Zudem verstand es Dr. Fürnschuss, immer wieder, die so notwendigen Verbindungen herzustellen und die geistigen Brücken zu schlagen zwischen dem Schriftsteller und seinem gewählten Sujet. Und eben dieses Sujet hebe, das sei zumindest seine, Fürnschussens Meinung, das Grass’sche Œuvre nun einmal aus der sonstigen deutschen Nachkriegsliteratur heraus und mache es so einzigartig; was jetzt freilich gar keine Wertung sein solle. Denn immerhin wäre es unsinnig, Grass etwa mit Siegfried Lenz, Heinrich Böll oder dem delikaten sprach-surrilen Arno Schmidt – um nur einige der wichtigsten Vertreter der Literatur Deutschlands bald nach 1945 zu nennen – vergleichen zu wollen; allein schon, weil sich durch einen solchen Vergleich für den Leser oder Betrachter der Werke kaum etwas Ersprießliches oder gar Nützliches ergäbe. Ganz abgesehen davon, dass da auch gar kein Ranking (das ohnedies und überall, in allen Belangen unsinnig sei) angestrebt sein könne. Und außerdem gelte auch hier die schöne alte lateinische Spruchweisheit (deren Ursprung allerdings im Unklaren liege): De gustibus non est disputandum

Beginnen wir unsere Betrachtung mit Oskar Mazerath, diesem teilweise penetranten, anarchischen und bösartigen Kleingebliebenen; denn Oskar ist mitnichten ein Kleinwüchsiger im herkömmlichen Sinn, ein Zwerg oder Liliputaner. Allein schon, dass er sein Kleinbleiben mit drei Jahren im Sinne eines höchst-eigenen Beschlusses und ergo eines Auftrags sieht, macht diese literarische Figur so interessant wie weithin interpretierbar.

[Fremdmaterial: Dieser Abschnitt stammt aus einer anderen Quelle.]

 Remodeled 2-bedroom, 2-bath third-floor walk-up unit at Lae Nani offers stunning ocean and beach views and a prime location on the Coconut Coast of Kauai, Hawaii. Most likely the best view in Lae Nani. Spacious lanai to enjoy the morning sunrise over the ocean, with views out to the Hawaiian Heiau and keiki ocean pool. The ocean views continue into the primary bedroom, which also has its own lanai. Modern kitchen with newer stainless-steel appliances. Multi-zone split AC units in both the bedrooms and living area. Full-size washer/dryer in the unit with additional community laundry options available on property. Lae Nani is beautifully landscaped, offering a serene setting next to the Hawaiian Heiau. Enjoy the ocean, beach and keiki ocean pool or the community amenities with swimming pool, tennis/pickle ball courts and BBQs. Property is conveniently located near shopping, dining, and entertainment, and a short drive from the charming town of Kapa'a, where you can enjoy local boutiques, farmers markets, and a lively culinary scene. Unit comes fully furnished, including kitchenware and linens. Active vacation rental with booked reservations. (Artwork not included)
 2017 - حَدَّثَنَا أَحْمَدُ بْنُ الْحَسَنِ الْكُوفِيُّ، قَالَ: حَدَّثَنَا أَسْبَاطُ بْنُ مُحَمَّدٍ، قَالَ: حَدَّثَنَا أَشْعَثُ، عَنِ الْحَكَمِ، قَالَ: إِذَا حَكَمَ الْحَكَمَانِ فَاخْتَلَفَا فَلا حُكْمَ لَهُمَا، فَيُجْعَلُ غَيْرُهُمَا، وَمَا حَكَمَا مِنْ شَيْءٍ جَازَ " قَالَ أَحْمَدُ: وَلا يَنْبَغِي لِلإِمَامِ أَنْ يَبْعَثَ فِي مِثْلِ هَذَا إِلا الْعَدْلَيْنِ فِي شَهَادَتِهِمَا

Ist Oskar ein neuer Alberich? Dieser Gnom, der um 1200 – und später dann lautstark in Richard Wagners Kolossalwerk „Der Ring des Nibelungen“ – in Erscheinung tritt als Protagonist des „Nibelungenlieds“ (den es jedoch auch im Ornit-Gedicht gibt): Der Plot geht auf den Nibelung beziehungsweise Niflung der germanischen Heldensage zurück, der sich mit seinem Bruder Schilbung nicht über die Teilung des vom Vater ererbten Schatzes einigen kann; worauf man Siegfried zum Schiedsrichter bestimmt und das ganze gierige Gerangel seinen blutigen Anfang nimmt. Denn der blonde kühne Recke erschlägt mit dem Schwert Balmung als erstes gleich ein paar Hundert Nibelungen – und das Zwergen-Brüderpaar gleich mit … Mit Grausen sieht es Alberich, den die beiden, Niflung und Schilbung, zuvor noch zum Wächter des unermesslichen goldenen Horts bestimmt hatten. Zwar greift er, vermöge seiner Tarnkappe unsichtbar, den starken Siegfried (Drachentöter!) an, doch kann ihn dieser besiegen.

Nun erklärt wiederum der blonde Held den Kleinen zum Wächter des Goldes; und bedenkt man alles, was da noch folgt, so hat er irgendwie doch den Bock zum Gärtner gemacht. Denn immerhin ist Alberich nur solange friedlich, wie man a) den Schatz und b) ihn selbst in Ruhe lässt. Und dazu sind die gierigen Recken allesamt unter Garantie die Falschen!

Überhaupt zählt es zu den besonders praktischen Eigenschaften der diversen Zwerge, ihre Gestalt und ihre Gemütslage nach Belieben ändern zu können. Mal sind sie artigen vierjährigen Kindern gleich, dann wieder mutieren sie zu bärenstarken kleinen Biestern …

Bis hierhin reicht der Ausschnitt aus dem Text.